▶ **REQUIRED WORK**:
Please give back each entry below unaltered, leaving the pictures out.

▶ **RECORDED DATA**:
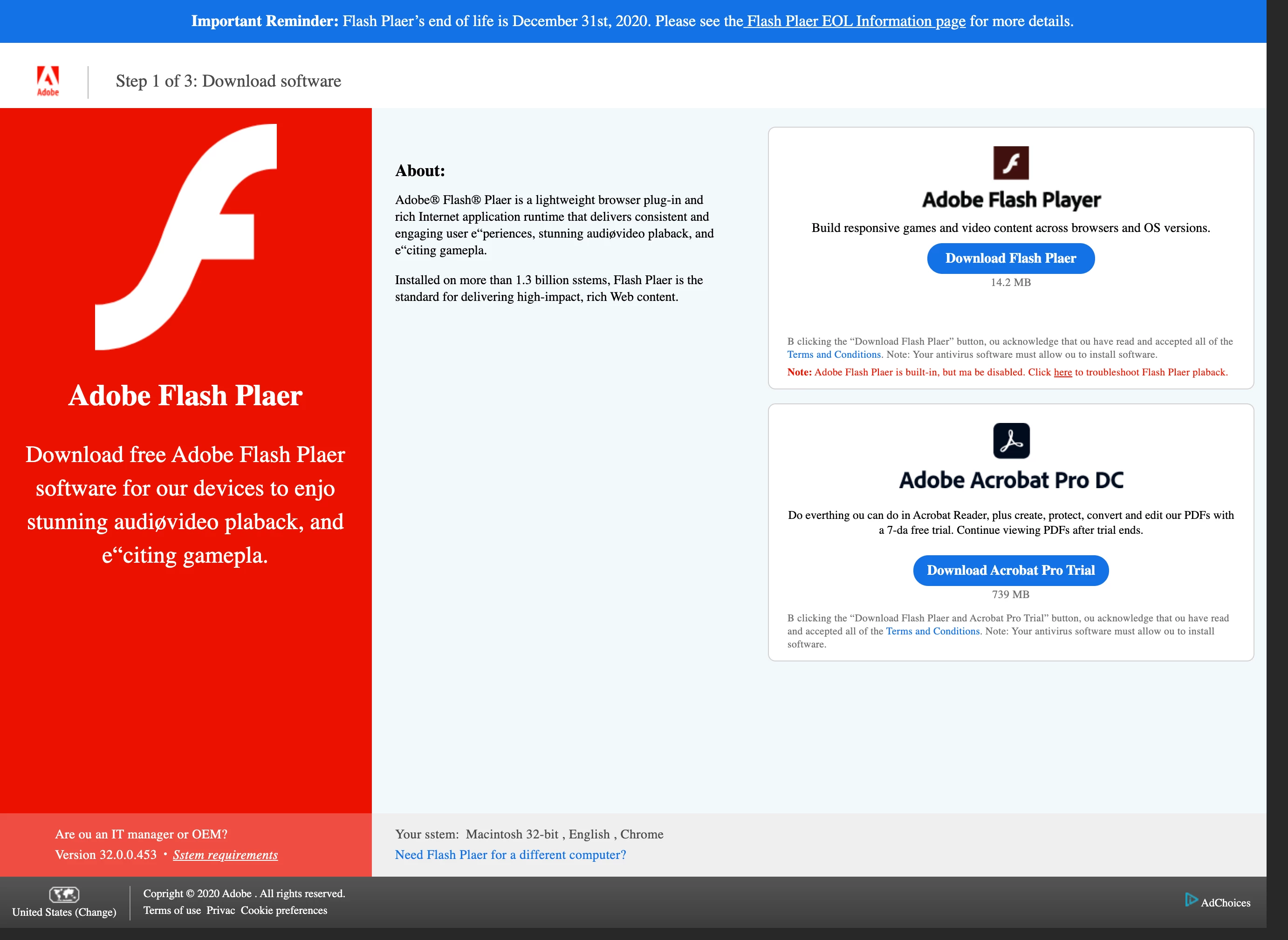 If you've encountered a site offering fake Flash Player downloads, please send a screenshot and a fully copy of the URL(s) involved to phishing@adobe.com.
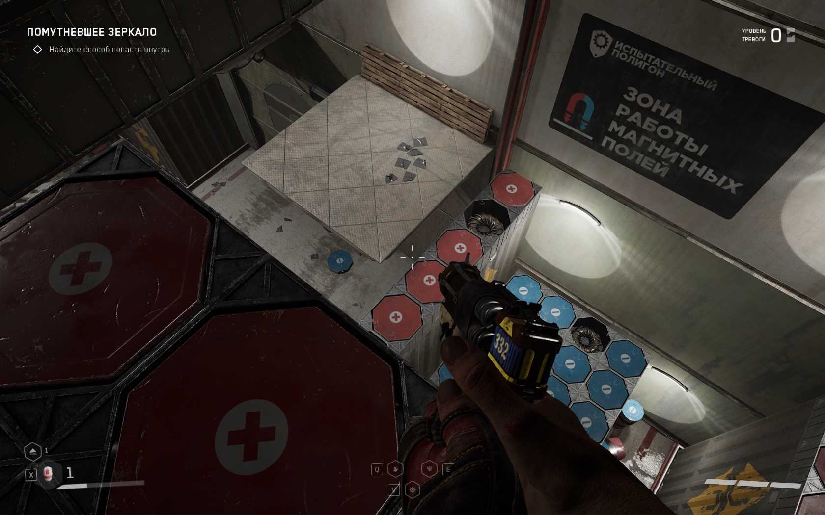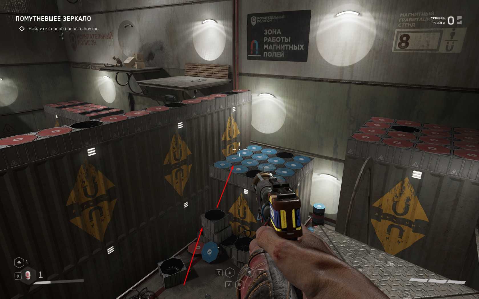 | 1 | Спуститесь на лифте на нижний уровень Полигона. В коридоре слева есть безопасная комната, справа зона магнитных полей, а в конце за поворотом – несколько шкафчиков, доступных для обыска |   |
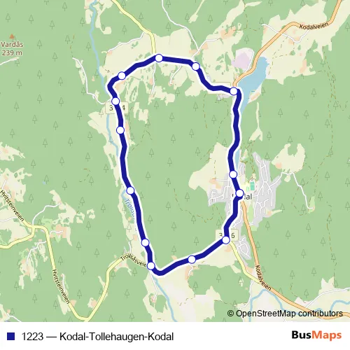 Click here to view the nearest 1223 - Kodal-Tollehaugen-Kodal bus stop.
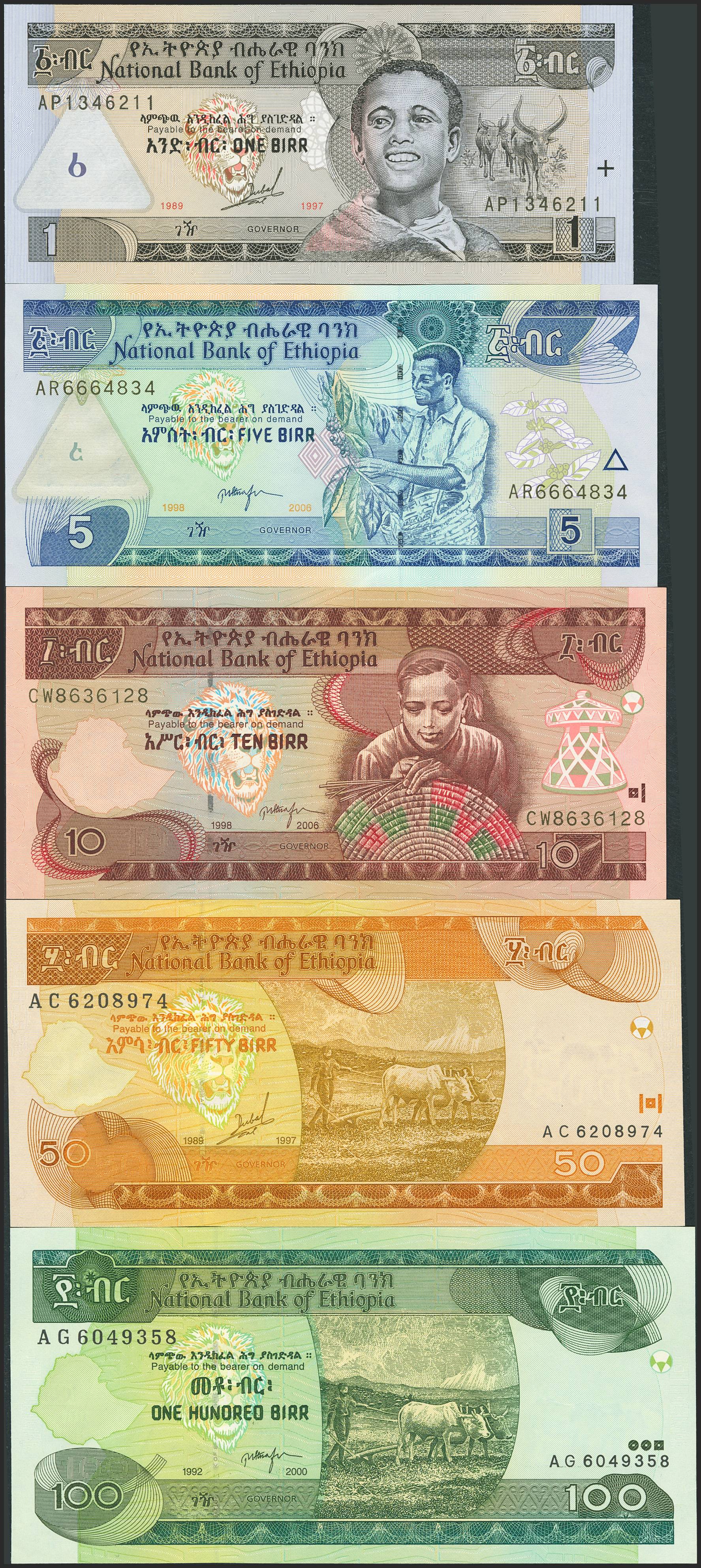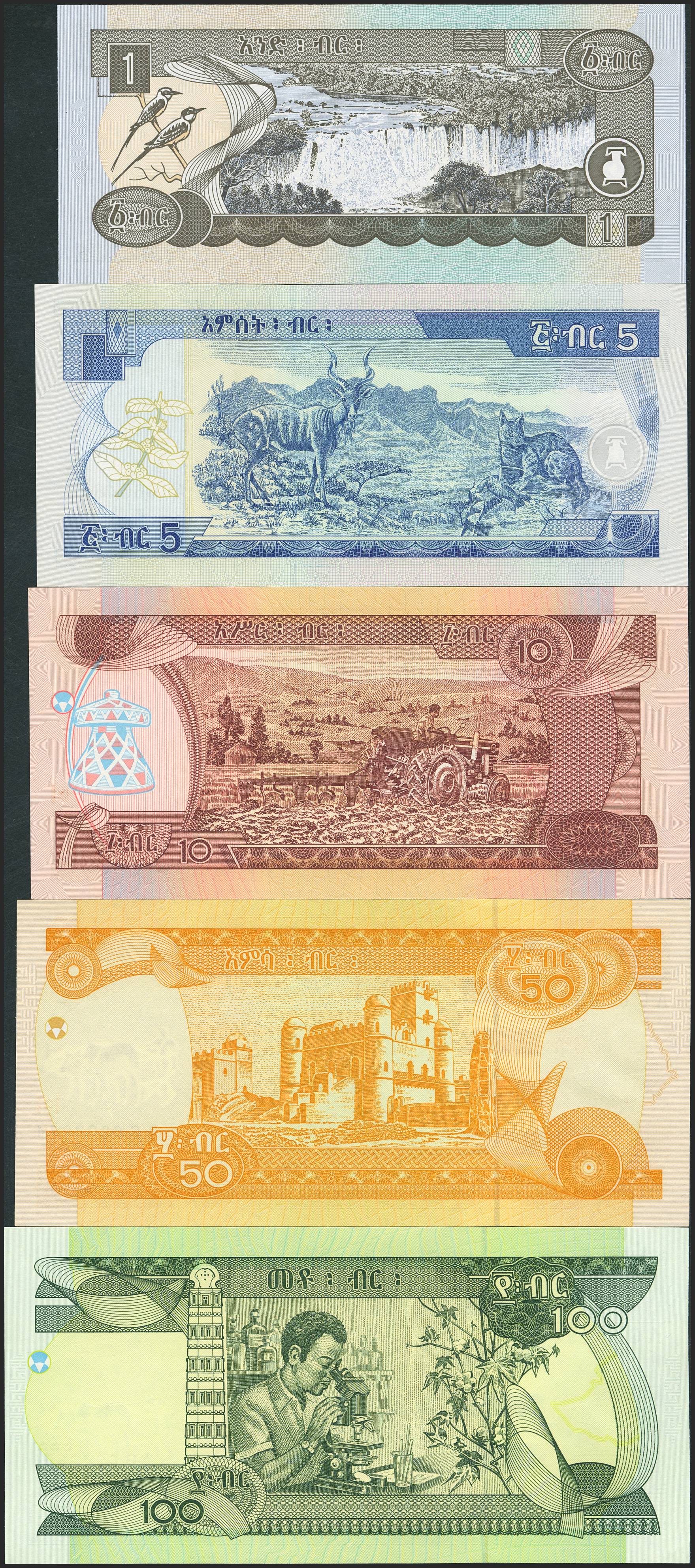 ETHIOPIA. Lot of 5 notes of 1 Birr, 5 Birr, 10 Birr, 50 Birr and 100 Birr. (1997ca). National Bank. (Pick: 46a, 47d, 48d, 49a, 50a). Uncirculated.
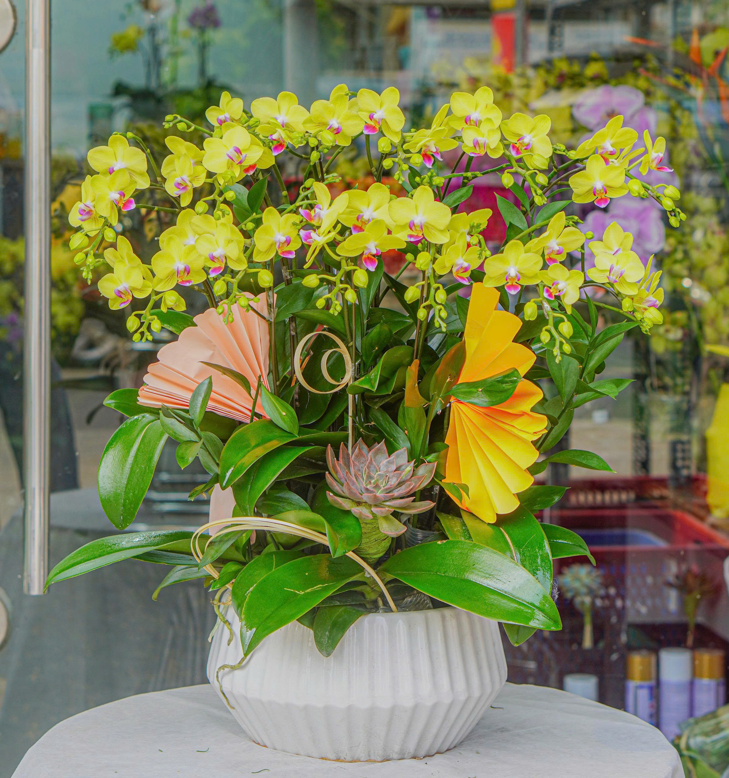1. Lan Hồ Điệp Mini Vàng: Lan hồ điệp vàng là biểu tượng của sự sung túc, thịnh vượng và tài lộc cho gia chủ. Ngoài ra, màu vàng còn mang thông điệp của sự ấm áp, vui vẻ và lạc quan. Vì vây, Đây là màu sắc tuyệt vời để lựa chọn hoa trong dịp tặng khai trương, hoa chúc mừng sinh nhật hay hoa sinh nhật.
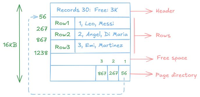 Data Storage in MySQL/InnoDB: Data is stored in structures called "pages," each typically 16KB in size. These pages contain rows of data, and when one is filled, a new page is created. Pages are grouped into "extents," and extents into "segments."
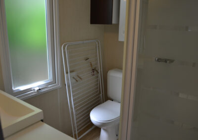 Salle d’eau : 1 douche, 1 lavabo, étagères de rangement et 1 toilette.
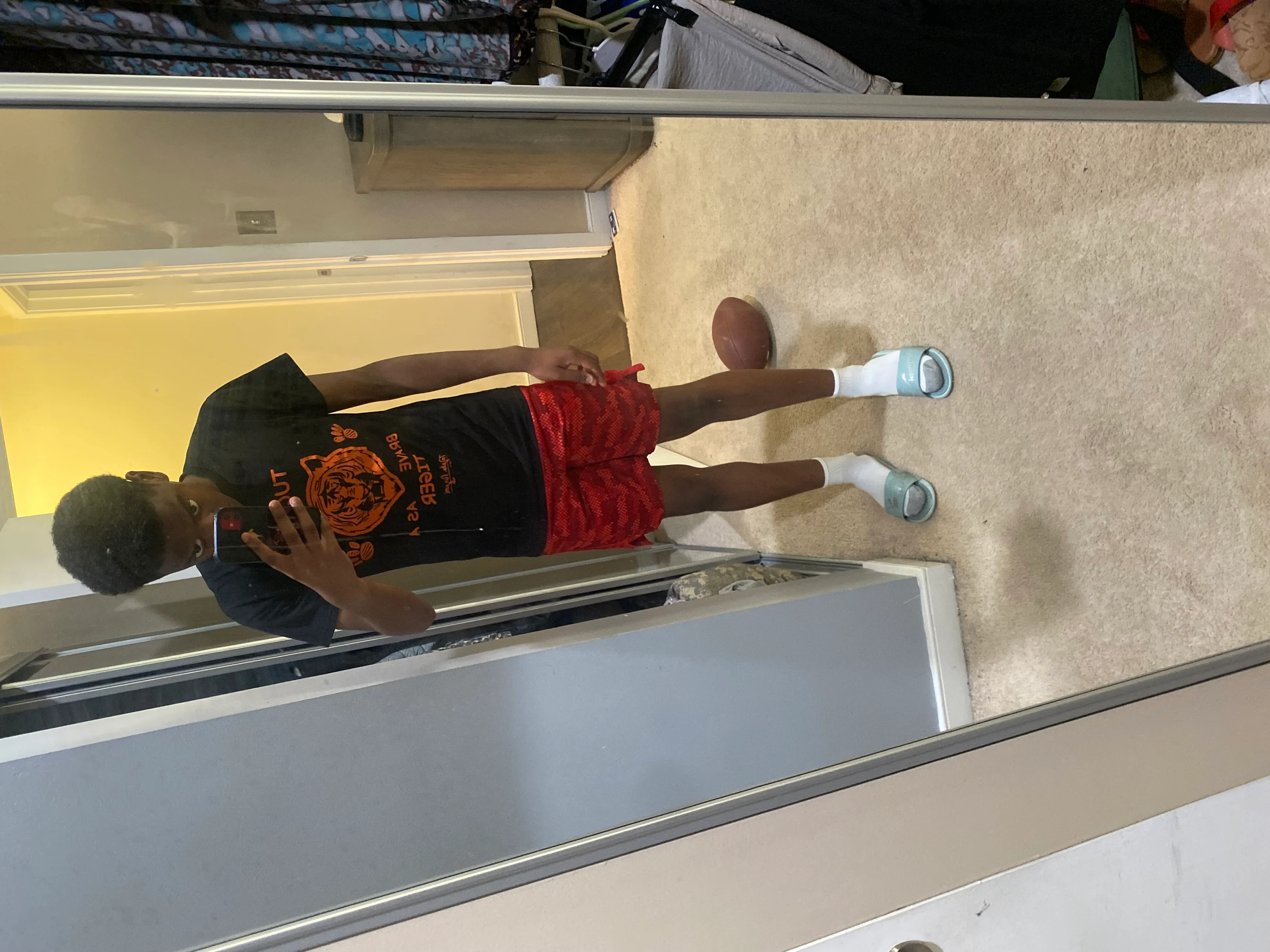 Based on the outfit in the image, I would rate it a 6 out of 10. The outfit consists of a black graphic t-shirt, red shorts, white socks, and slide sandals, which gives a relaxed and casual vibe, perfect for lounging or light outdoor activities.
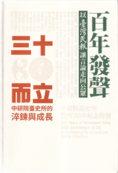 主辦「百年發聲×三十而立 : 中研院臺史所設所30年紀念特展」的展覽圖錄,收錄精選的日記、報紙、舊籍、手稿與照片檔案,回顧百年前的1920年代,臺灣人如何透過發行 ...

▶ **TASK ANSWER**:
 If you've encountered a site offering fake Flash Player downloads, please send a screenshot and a fully copy of the URL(s) involved to phishing@adobe.com.
 | 1 | Спуститесь на лифте на нижний уровень Полигона. В коридоре слева есть безопасная комната, справа зона магнитных полей, а в конце за поворотом – несколько шкафчиков, доступных для обыска |   |
 Click here to view the nearest 1223 - Kodal-Tollehaugen-Kodal bus stop.
 ETHIOPIA. Lot of 5 notes of 1 Birr, 5 Birr, 10 Birr, 50 Birr and 100 Birr. (1997ca). National Bank. (Pick: 46a, 47d, 48d, 49a, 50a). Uncirculated.
1. Lan Hồ Điệp Mini Vàng: Lan hồ điệp vàng là biểu tượng của sự sung túc, thịnh vượng và tài lộc cho gia chủ. Ngoài ra, màu vàng còn mang thông điệp của sự ấm áp, vui vẻ và lạc quan. Vì vây, Đây là màu sắc tuyệt vời để lựa chọn hoa trong dịp tặng khai trương, hoa chúc mừng sinh nhật hay hoa sinh nhật.
 Data Storage in MySQL/InnoDB: Data is stored in structures called "pages," each typically 16KB in size. These pages contain rows of data, and when one is filled, a new page is created. Pages are grouped into "extents," and extents into "segments."
 Salle d’eau : 1 douche, 1 lavabo, étagères de rangement et 1 toilette.
 Based on the outfit in the image, I would rate it a 6 out of 10. The outfit consists of a black graphic t-shirt, red shorts, white socks, and slide sandals, which gives a relaxed and casual vibe, perfect for lounging or light outdoor activities.
 主辦「百年發聲×三十而立 : 中研院臺史所設所30年紀念特展」的展覽圖錄,收錄精選的日記、報紙、舊籍、手稿與照片檔案,回顧百年前的1920年代,臺灣人如何透過發行 ...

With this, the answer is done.